Highlights & Insights¶

Diagnosing "RoPE reapplication at every layer" as the source of temporal redundancy and converting this into the engineering tool of "temporal reordering into blocks" is a robust link from mechanistic observation to architectural design.
Head-wise independent merging counter-intuitively solves the "multi-head feature collapse after merging" problem—pointing out that a uniform merging topology destroys multi-head diversity. This insight is transferable to any token compression scenario for multi-head Transformers.
Cross-head outlier filtering under a global budget provides a "rough merge, precise recovery" strategy: instead of tuning ratios block-by-block, it uses fixed ratios for parallelism and a global top-\(d\%\) mask as a safety net, which is more hardware-parallelizable.

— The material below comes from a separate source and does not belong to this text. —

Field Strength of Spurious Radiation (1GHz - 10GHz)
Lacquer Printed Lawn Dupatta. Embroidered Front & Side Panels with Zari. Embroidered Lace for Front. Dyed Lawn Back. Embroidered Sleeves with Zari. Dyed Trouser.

Limitations & Future Work¶

The method is strongly coupled with VGGT's spatio-temporal similarity structure (alternating intra-frame/global attention + per-layer RoPE). Gains might diminish for architectures without repeated positional encodings or clear temporal correspondence.
Several key hyperparameters (\(n_s=128\), \(n_t=30\), 90%/70% merge ratios, 10% filtering) were chosen empirically based on datasets. The paper does not provide a cross-domain adaptive selection strategy; new scenes might require retuning.
Evaluation focuses on indoor/continuous view reconstruction (7Scenes, NRGBD, ETH3D). Robustness in extreme sparse views or dynamic scenes requires broader validation (⚠️ Some long-sequence results were moved to the appendix).
Outlier filtering relies on custom CUDA kernels, and its portability and actual benefit in non-A100 or non-FlashAttention environments need verification.

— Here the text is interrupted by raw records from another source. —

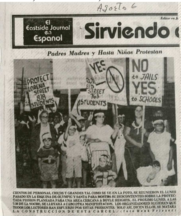
Figure 2. "Padres, Madres, y Hasta Niños Protestan," El Eastside Journal en Español . Courtesy of CSUN's Special Collections and Archives in box 9, folder 20. <sup>70</sup>

Collective Urgency: "No to Jails, Yes to Schools," "Protect and Save Our Children"
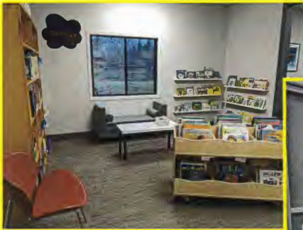
Thornton Branch 2023:
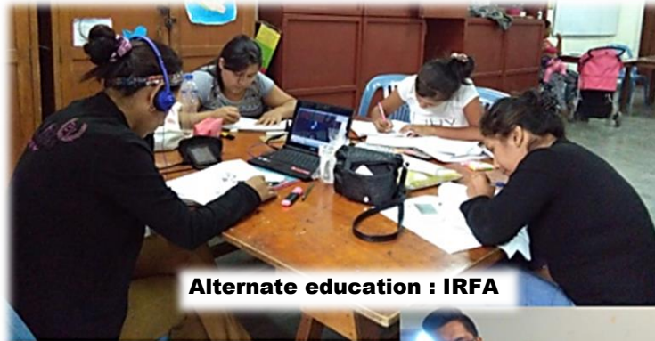
Alternate education : IRFA
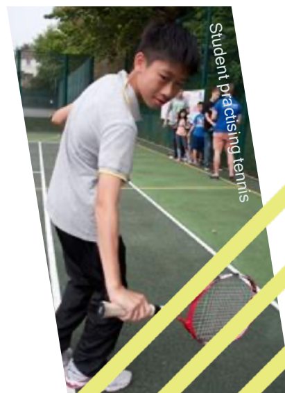
Student practising tennis
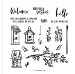
Garden Birdhouses Photopolymer Stamp Set - 155090
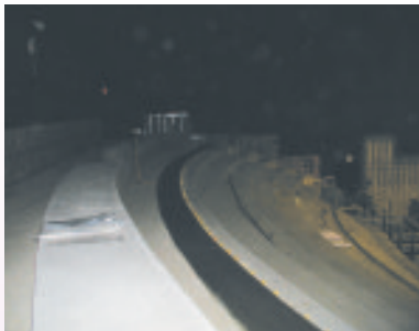
Theatre - tiered seating
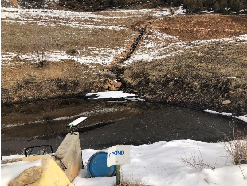
Pond F with significant sediment recently deposited
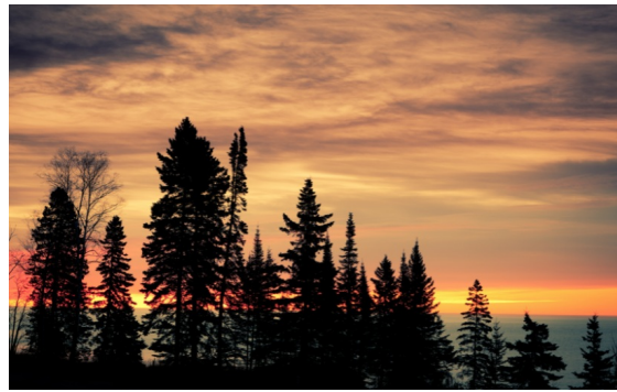
Who's Your Hero? Finding Community Leaders in Fire-Adapted Northeastern Minnesota

vs FastVGGT (ToMeSD adaptation): Both use similarity merging, but FastVGGT uses uniform head topology and global matching, sacrificing multi-head diversity and incurring high matching costs. HTTM uses head-wise merging and in-block temporal reordering, achieving better quality at higher merge ratios and a 4.58× lower matching cost.
vs Sparse Attention (BigBird / SparseVLM / SparseViT etc.): These rely on sparse attention assumptions. VGGT attention distributions are relatively flat, limiting acceleration. HTTM follows the similarity merging route, fitting VGGT's gradual distribution.
vs Online 3D methods (CUT3R / TTT3R): Online methods avoid all-to-all by maintaining global states but lack the accuracy of offline methods like VGGT. HTTM directly accelerates offline VGGT, preserving its quality advantage.

Rating¶

Novelty: ⭐⭐⭐⭐ The "head-wise merging + temporal reordered blocking + cross-head outlier filtering" trifecta is customized for VGGT structure with solid insights, though individual components draw from ToMe.
Experimental Thoroughness: ⭐⭐⭐⭐ Multi-dataset + long-sequence latency + latency breakdown + outlier ablation are complete. Some long-sequence results are in the appendix.
Writing Quality: ⭐⭐⭐⭐ Clear derivation from similarity observations to design. Effective diagrams. Hyperparameter selection rationale could be expanded.
Value: ⭐⭐⭐⭐ Training-free plug-and-play, \(7\times\) speedup, negligible quality loss. Very practical for large-scene VGGT deployment.